The Guardians of the Cedars issued the following communiqué:

In conventional terms, political opposition is defined as a condition in the political culture in democratic regimes whose mission is to monitor the activities of the government, point to its errors, and hold it accountable in the eyes of the people when it fails to carry out its obligations or deviates from its path. The opposition usually consists of political figures and parties that are not within the government, and that serve as a force of dissuasion against the ruling regime to prevent the latter from falling into despotism, oppression and corruption. In contrast, the opposition in dictatorial regimes is either absent, or eliminated, or repressed, and it is often the case that its members meet with a dark fate of imprisonment, exile, or death.

Therefore, the opposition operates only in a country in which freedom and democracy flourish. But if this country falls to foreign occupation, then the opposition de facto transforms itself into a resistance that immediately seeks to organize and mobilize its capabilities to remove the occupation. Resistance is then a state of struggle led by a group of freemen whose sole objective is to resist the occupation and whose only slogan is to persist in the struggle – incessantly and without compromise – until achieving liberation. Its methods are many, from the military to the political, from which the resistance chooses the most appropriate according to the circumstances and capabilities of the country, and the nature of the occupation.

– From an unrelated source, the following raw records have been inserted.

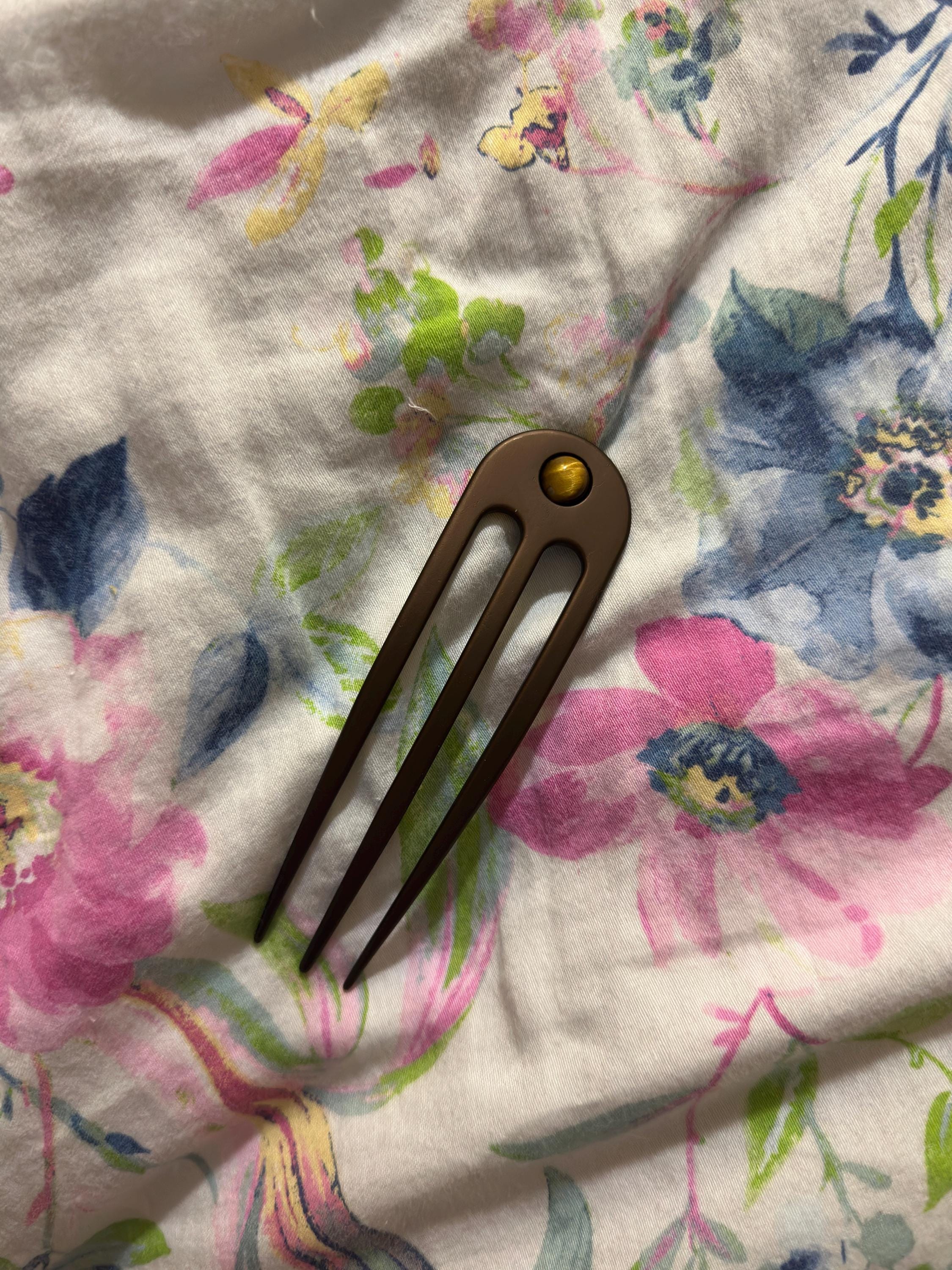 This sale is for One Brown Colored Anodized Aluminum 4.9 inch Curved Three Prong Hair Fork. Each has a stone added to them to add a little sparkle. They are 4.9 inches long and a little over one inch wide and 1/8 of an inch thick. This Hair Fork is curved to fit the contour of your head.
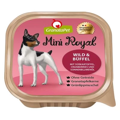 Las tarrinas GranataPet Mini Royal ofrecen a tu perro de raza pequeña un alimento saludable, adaptado y formulado exclusivamente a base de ingredientes beneficiosos. No contiene cereales ni gluten y, gracias a su elevada cantidad de carne, suministra a tu perro una gran dosis de proteínas animales y promueve su digestibilidad.
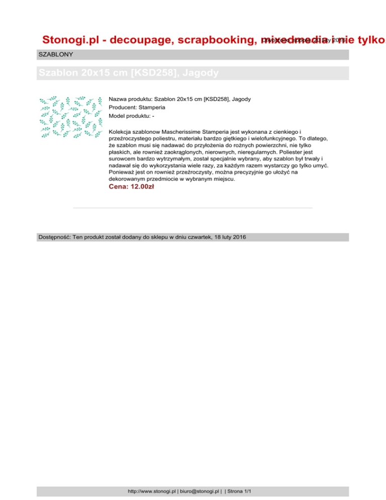 Utworzono: sobota, 20 luty i2016 Stonogi.pl - decoupage, scrapbooking, mixedmedia nie tylko. SZABLONY Szablon 20x15 cm [KSD258], Jagody Nazwa produktu: Szablon 20x15 cm [KSD258], Jagody Producent: Stamperia Model produktu: Kolekcja szablonow Mascherissime Stamperia jest wykonana z cienkiego i przeźroczystego poliestru, materiału bardzo giętkiego i wielofunkcyjnego. To dlatego, że szablon musi się nadawać do przyłożenia do rożnych powierzchni, nie tylko płaskich, ale rownież zaokrąglonych, nierownych, nieregularnych. Poliester jest surowcem bardzo wytrzymałym, został specjalnie wybrany, aby szablon był trwały i nadawał się do wykorzystania wiele razy, za każdym razem wystarczy go tylko umyć. Ponieważ jest on rownież przeźroczysty, można precyzyjnie go ułożyć na dekorowanym przedmiocie w wybranym miejscu. Cena: 12.00zł Dostępność: Ten produkt został dodany do sklepu w dniu czwartek, 18 luty 2016 http://www.stonogi.pl | [email protected] | | Strona 1/1
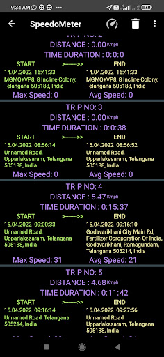 In questo viaggio ha coperto la velocità massima, la velocità media e la durata del tempo, i dettagli del punto di partenza (tempo, indirizzo) e i dettagli del punto finale (tempo, indirizzo)
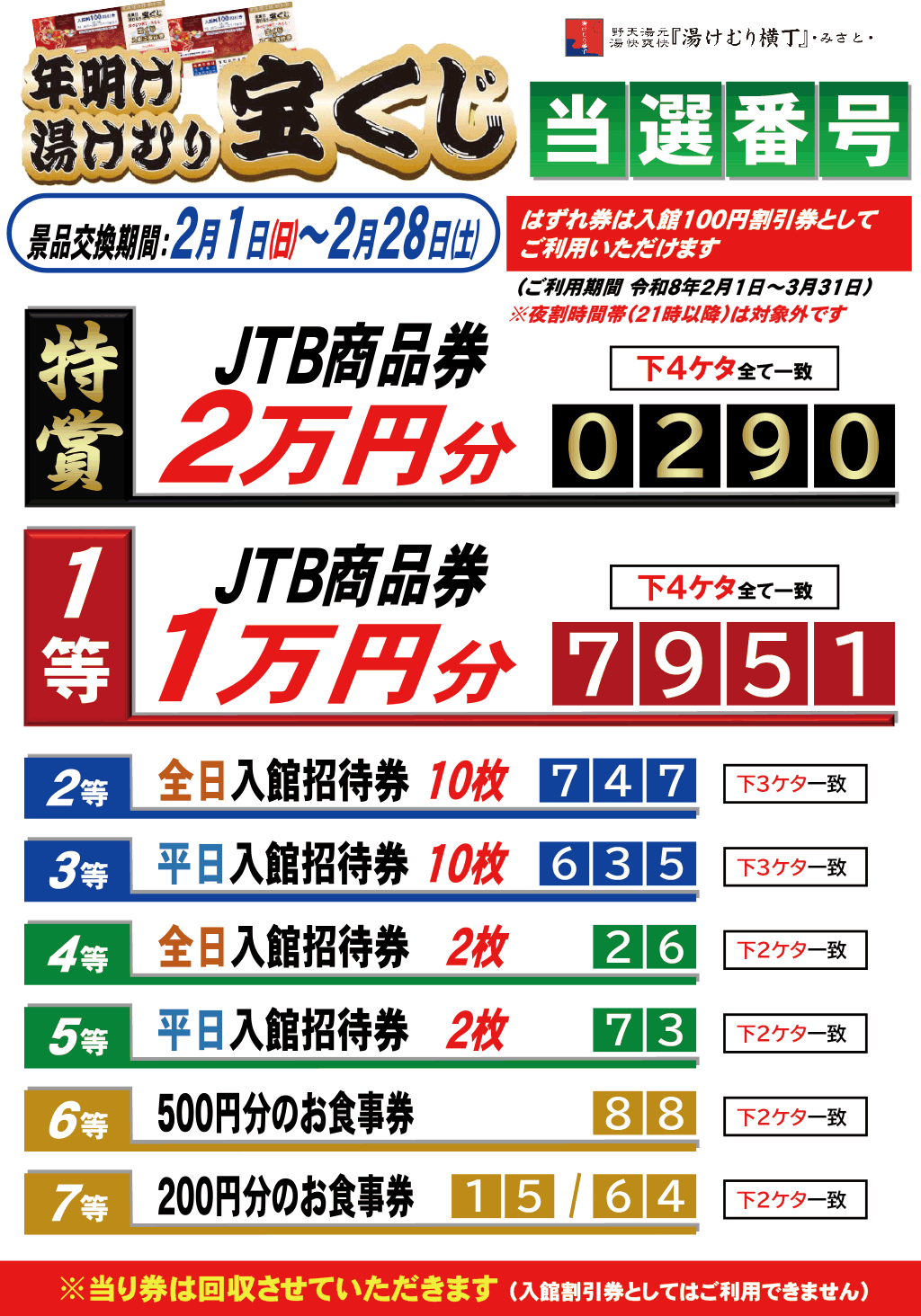 厳正なる抽選の結果♨当選番号が決定いたしました🎉

In Lebanon, conditions fall under the definition of resistance, not that of opposition, because the country is entirely under occupation. Consequently, it is not possible to engage those conditions from the standpoint of an opposition, but rather from one of resistance. The resistance that is available to the Lebanese today is political and not military because regional and international conditions have changed. The armed struggle that we waged against the Syrians for fifteen years has failed because of the numerous fatal mistakes that were committed by the leaders of the Lebanese resistance at many levels, chief among which is the mistake of internecine fratricidal warfare.

Since the regime in place in Lebanon is not Lebanese but is rather a product of the occupation and its local agents, it is not permissible – according to convention and logic – to give it the recognition it is given today. Instead, it must be identified for the agent that it is, categorize it as the occupation that it represents, and deal with it from a standpoint of resistance and not one of opposition.

Based on the preceding, and given the lamentable state of disunity within the opposition and its mediocre performance, we do not expect much from it, nor do the Lebanese people pay it much attention. In fact, the Lebanese people deep down give a lot more credence to the international position that is far ahead of the opposition in its determined, stern, and clear handling of the Syrian occupation, which goes to show that the international community cares more for Lebanon than the leaders of the country themselves.

A closer look at the opposition from the inside shows its precarious situation. It has become multiplied into several contradicting oppositions whose leadership is beset with divisions and disagreements over the vision, the objective and the political standing, as follows:

1 – Some demand the cessation of the interference by the Syrian security apparatus in Lebanese life without any mention of a Syrian withdrawal or of resolution 1559.

2 – Some insist on a Syrian withdrawal, but only to the Bekaa Valley in order to protect the "Syrian flank", and demand the establishment of the best "brotherly" relations with "the Sister country…".

3 – Some support resolution 1559 conditionally, while others support only a set of its articles and reject the other articles pertaining to the dismantling of the militias, demanding that the "so-called" resistance be embraced and protected.

4 – Some others are content with demanding the removal of the ruling regime in Beirut with the objective or replacing it with another regime that is, yet again, Syrian-made.

5 – Some have moved from the ranks of the loyalists to those of the opposition in order to strengthen their popularity at the expense of the growing popularity of the opposition. Here it is important to note that the credit for the growing opposition does not go to its leaders, but rather to two factors: First, the serious mistakes committed by the Syrian regime and its byproduct the Lebanese regime; second, the 180 degree reversal in the international positions to the benefit of Lebanon.

6 – Some others have called for a conference to which they invited the Syrian occupation and the clique of parties affiliated with it to look into the subject of the withdrawal in such a way to give the Syrian occupation a face-saving exit.

7 – And everyone is busy with the upcoming elections, the new electoral law and the size of the voting districts, and everyone is ready to wage the election battle under the sponsorship of the occupation or anyone else for that matter, and eager for a seat in Parliament or in the Cabinet.

As a result, the whole opposition thing is a mess, looking more like a tower of Babel or an Arabian bazaar, each one singing their own tune out of synch. The Lebanese people and everyone else are utterly confused at the spectacle of an opposition in which no one knows who is with whom and who is against whom. We fear that Western capitals will also become so confused that they will withdraw their support to Lebanon on the ground that they cannot be more royalist than the king.

Every Lebanese knows in the depth of his or her mind that the destruction that has befallen Lebanon over the past 50 years is mainly due to this ilk of political leadership, and with it most of the religious leadership. The Lebanese also know that salvation will not come from that leadership, but from the following three things: Divine intervention that has protected Lebanon since its inception, the force vitale of the Lebanese entity that is refractory to elimination, and the enormous energies of the great people of Lebanon that brim with life and reject death.